_What the task asks_. Print the records below exactly, and do not carry over any picture.

_Dataset content_.
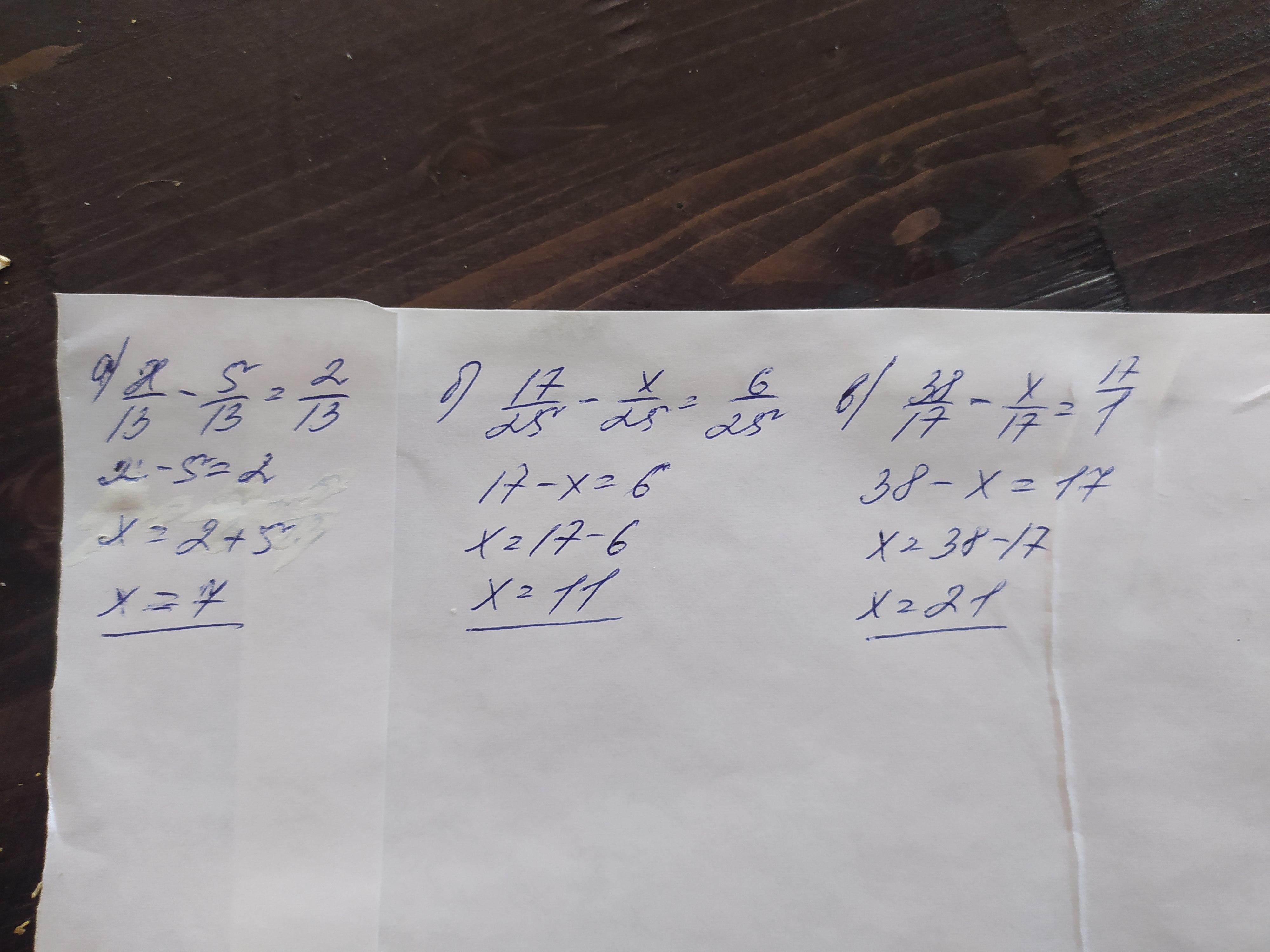1083. Яким числом треба замінити x, щоб рiвнiсть була правильною:a) x/13-5/13=2/13, б) 17/25-x/25=6/25, в)) 38/17-x/17=1?
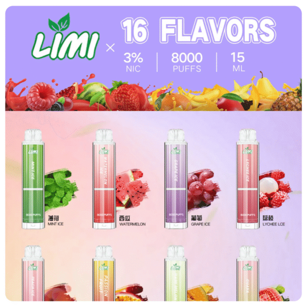 LIMI 8000口一次性電子煙提供超大容量,適合重度使用者。內置 550mAh 電池與 15ML 煙油,提供長達 8000口 的使用體驗。可充電,使用完畢即可拋棄。
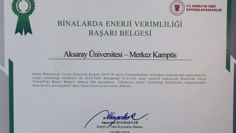 Enerji ve Tabii Kaynaklar Bakanı Alparslan Bayraktar tarafından imzalanan belge, ASÜ’nün bu alandaki başarısının resmi bir şekilde tescillenmesi anlamına geliyor.
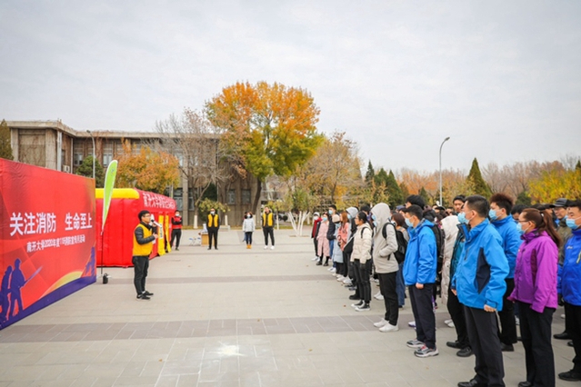 (通讯员赵玮璐)正值“119”消防宣传月,11月26日,物理科学学院联合学校保卫处在八里台校区敬业广场举办以“关注消防,生命至上”为主题的消防培训及疏散演练活动。物理科学学院党委副书记张学良、副院长唐柏权到场指导,学院2020级研究生新生及部分在院工作人员参与活动。
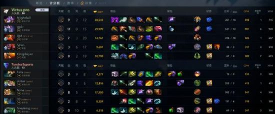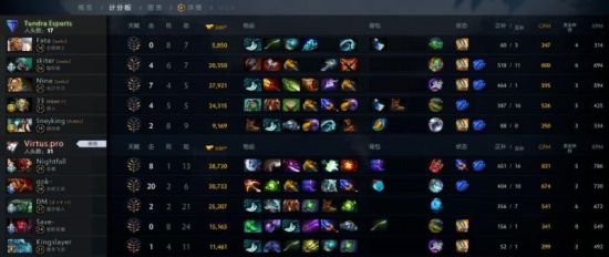 本场比赛Nine的中单光法同样发育十分迅速,虽然没有第一天13分钟10K经济那么夸张,但在前期也依然全场领跑,不过VP巧妙的规避了光法高伤害的强势期,并通过潮汐猎人限制住了狼人的节奏。在前期被针对的比较惨的灰烬之灵装备逐渐成型后,VP开始发起反攻,并通过团战一举控盾取得比赛优势。虽然Tundra依靠牛头的控制和光法的远距离输出多次击杀VP酱油,但却无法扭转正面团的颓势。VP稳扎稳打,没有给到再给到Tundra翻身的机会,成功取得第一局的比赛胜利。
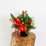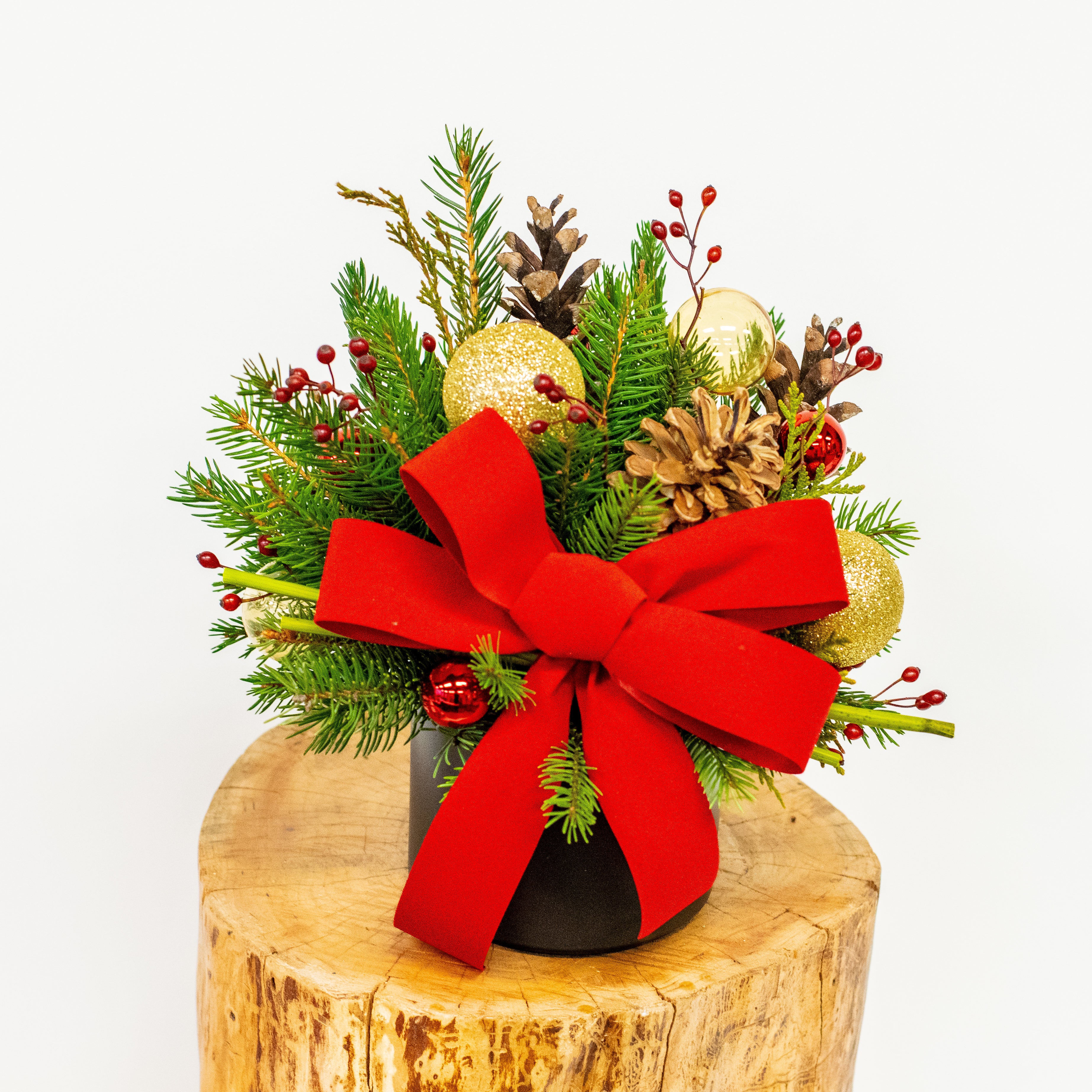 Looking for a way to bring some holiday cheer into your home or brighten someone's day? A festive arrangement is the perfect choice! This design features only red, white, gold & silver colours.
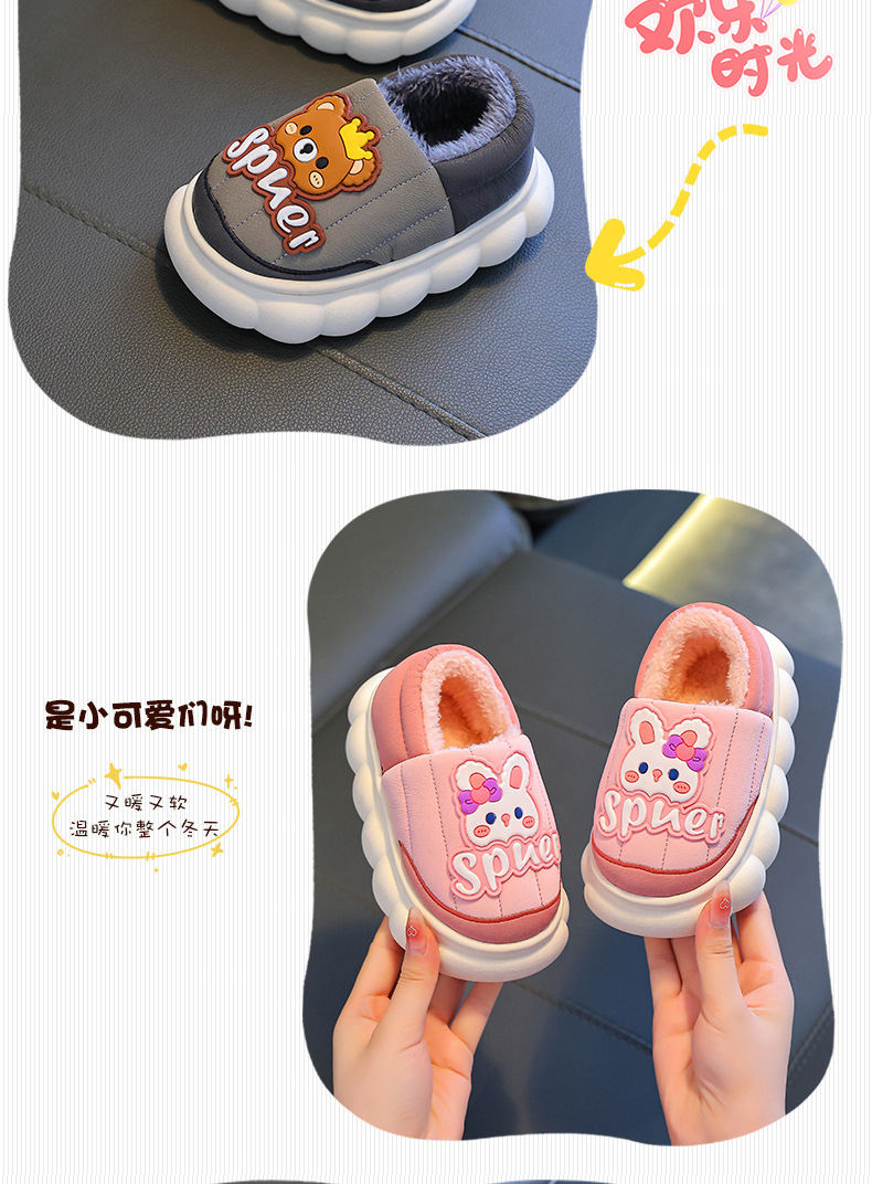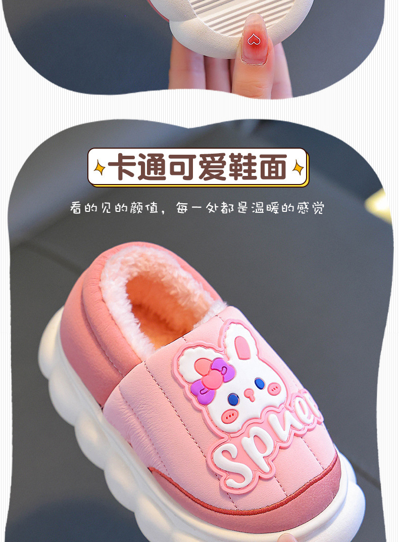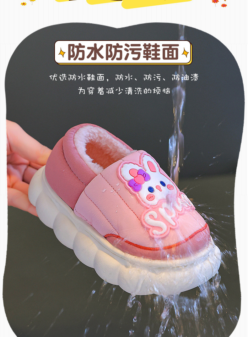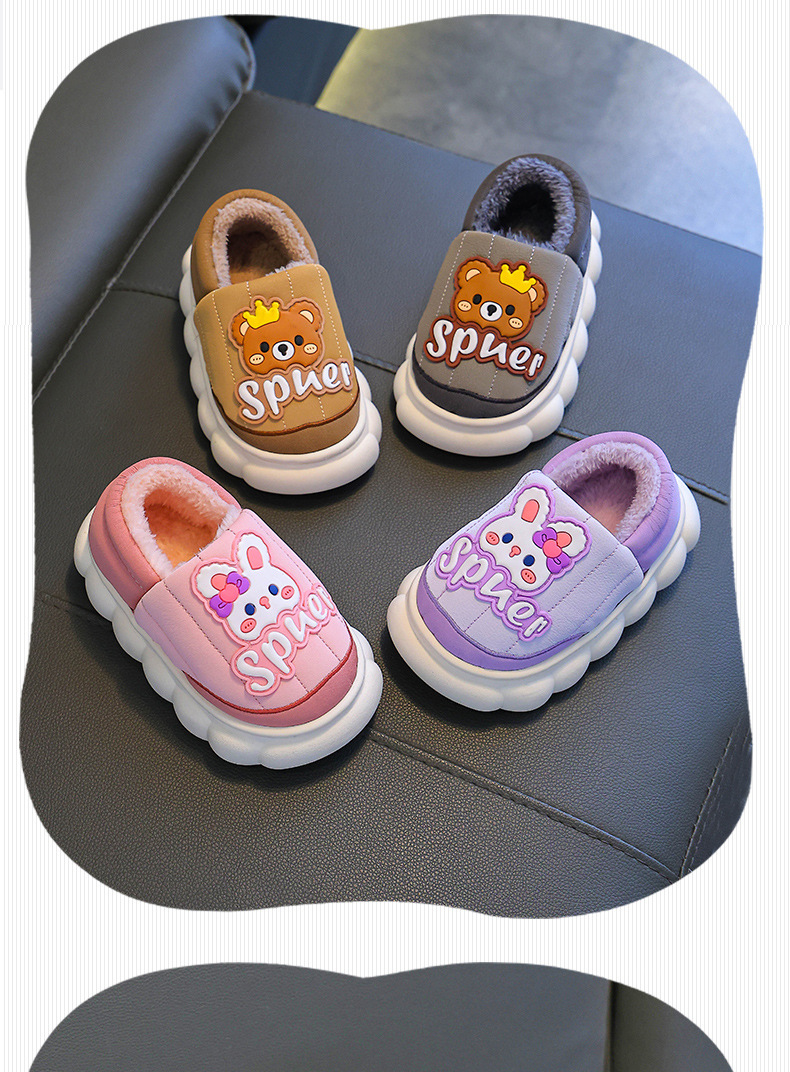 Otoño y invierno zapatillas de algodón para niños y niñas calientes de terciopelo PU impermeable y antideslizante bolsas de tacones de algodón para niños pequeños y medianos

_Result_.
1083. Яким числом треба замінити x, щоб рiвнiсть була правильною:a) x/13-5/13=2/13, б) 17/25-x/25=6/25, в)) 38/17-x/17=1?
 LIMI 8000口一次性電子煙提供超大容量,適合重度使用者。內置 550mAh 電池與 15ML 煙油,提供長達 8000口 的使用體驗。可充電,使用完畢即可拋棄。
 Enerji ve Tabii Kaynaklar Bakanı Alparslan Bayraktar tarafından imzalanan belge, ASÜ’nün bu alandaki başarısının resmi bir şekilde tescillenmesi anlamına geliyor.
 (通讯员赵玮璐)正值“119”消防宣传月,11月26日,物理科学学院联合学校保卫处在八里台校区敬业广场举办以“关注消防,生命至上”为主题的消防培训及疏散演练活动。物理科学学院党委副书记张学良、副院长唐柏权到场指导,学院2020级研究生新生及部分在院工作人员参与活动。
 本场比赛Nine的中单光法同样发育十分迅速,虽然没有第一天13分钟10K经济那么夸张,但在前期也依然全场领跑,不过VP巧妙的规避了光法高伤害的强势期,并通过潮汐猎人限制住了狼人的节奏。在前期被针对的比较惨的灰烬之灵装备逐渐成型后,VP开始发起反攻,并通过团战一举控盾取得比赛优势。虽然Tundra依靠牛头的控制和光法的远距离输出多次击杀VP酱油,但却无法扭转正面团的颓势。VP稳扎稳打,没有给到再给到Tundra翻身的机会,成功取得第一局的比赛胜利。
 Looking for a way to bring some holiday cheer into your home or brighten someone's day? A festive arrangement is the perfect choice! This design features only red, white, gold & silver colours.
 Otoño y invierno zapatillas de algodón para niños y niñas calientes de terciopelo PU impermeable y antideslizante bolsas de tacones de algodón para niños pequeños y medianos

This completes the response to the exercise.